This time, the call is coming from Fitzroy Williams, CEO of the Jamaica Railway Corporation (JRC). He was addressing the Parliament's Public Administration and Appropriations Committee (PAAC) recently.

“Rail is still the most viable land transport system,” he said. “We have 172 years of experience [in operating railways]. The country needs to consider the saving, not only to passengers but also a system that can be operated at approximately 20 times less in [terms of] the cost of transportation.”

He said the JRC has been looking at various options over the past 12 months, and is doing its own proposals and preparation of a business plan in event the current memorandum of understanding (MOU) does not bear fruit.

In June, Cabinet reported that it had considered a report from the Ministry of Transport and Mining in connection with the proposed rehabilitation of the rail system to assist overall economic development.

The report outlined a vision for an integrated multi-modal transport system which was being pursued by current Transport and Mining Minister Mike Henry.

The model sees the possibility of a system connecting sea, land and air, including plans for the rehabilitation of the rail system.

In July Cabinet decided on an extension of the MOU which had been signed between Herzog Jamaica Limited and the Government, acting through the transport ministry and the JRC, for three months ending in September.
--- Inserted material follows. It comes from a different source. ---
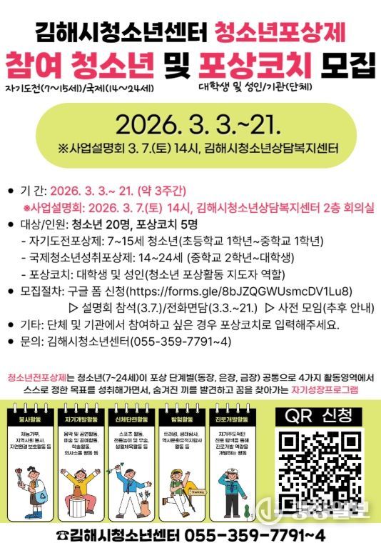 광장일보 주재영 기자 | 김해시청소년센터는 오는 3월 3일부터 21일까지 ‘2026년 청소년포상제’에 참여할 청소년과 이들의 활동을 지원할 포상코치를 공개 모집한다.

Nothing more recent has been released about the plans to rehabilitate the rail service, but at the PAAC meeting, Williams confirmed that the MOU with Herzog carries a US$250 million cost, including the cost of repairing, upgrading and operating the rail service, which seems to be the main hurdle to resuming the service.

“We know that we have a viable proposal on the table, and there are still three phases of the proposal,” Williams argued, noting that the Montego Bay-Appleton Estate leg was considered the most viable as a historical attraction for tourists.

“There are strong interests, both local and overseas, waiting to pounce on that option,” he noted.

He said that the a serious challenge has been how to properly link Kingston with the rest of the current miniscule service the JRC has been providing. However, he insists that it can be done.

The Jamaica Railway Corporation is a statutory body established under the Jamaica Corporation Act 1960 which has sole responsibility for the operation of rail services in Jamaica.

Jamaica's railway service is one of the oldest in the western hemisphere, and played a vital role in providing passenger and freight services to the agricultural and mining sectors.

In October 1992 the Government took the decision to suspend train services and commenced efforts to privatise the rail services due to the entity's inability to generate adequate revenues to fund operational costs, capital replacements, and equipment maintenance.